The People’s Bank of China, local financial regulators, and the Chinese government imposed a nationwide ban on cryptocurrency exchanges last month, provoking the price of bitcoin to fall to $3,000 and igniting tensions across the cryptocurrency market.
The markets have since restructured as many of the trading volumes from China shifted to Japan and South Korea, and as the Japanese government authorized 11 cryptocurrency exchanges in the same month.
Thanks to those two factors, the price of bitcoin has recovered and since remained above the $4,000 margin.
The Chinese government’s ban also created an increase in trading volumes of over-the-counter (OTC) markets and peer-to-peer trading platforms, which confirmed the concerns of the Chinese government since traders would be able to exchange cryptocurrencies and trade the Chinese yuan without the control or involvement from Chinese authorities.
Xinhua said that the government was considering similar regulation like Japan with the possibility of licensing and creating record-keeping cryptocurrency trades, according to CnLedger, a trusted cryptocurrency news source in China.

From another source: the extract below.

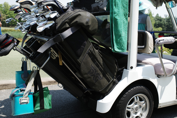 캐디백(스탠드백)은 PXG WAX COATED 모델을 구매해 만족스럽게 사용 중. 유니크한 카키색에 빈티지한 왁스 코팅, 넉넉한 수납에 스탠드의 편리한 구조까지 마음에 든다.

“Xinhua News, official press agency of CN: Virtual currencies have become the top choices of underground economies. We shall adopt ‘0-tolerance policies’ towards crimes hidden underneath and take measures such as record-keeping, licensing, AML processes, real-name, limiting large transactions,” CnLedger wrote.
China needs to have the regulatory infrastructure in place to oversee payments and identify cryptocurrency users to avoid criminal activities, since it’s impossible to have a zero-tolerance policy on cryptocurrency crimes without KYC and AML systems.
Xinhua said that the cryptocurrency ban in China is likely only temporary while the government releases a stricter record-keeping, licensing, and AML policies for trading platforms.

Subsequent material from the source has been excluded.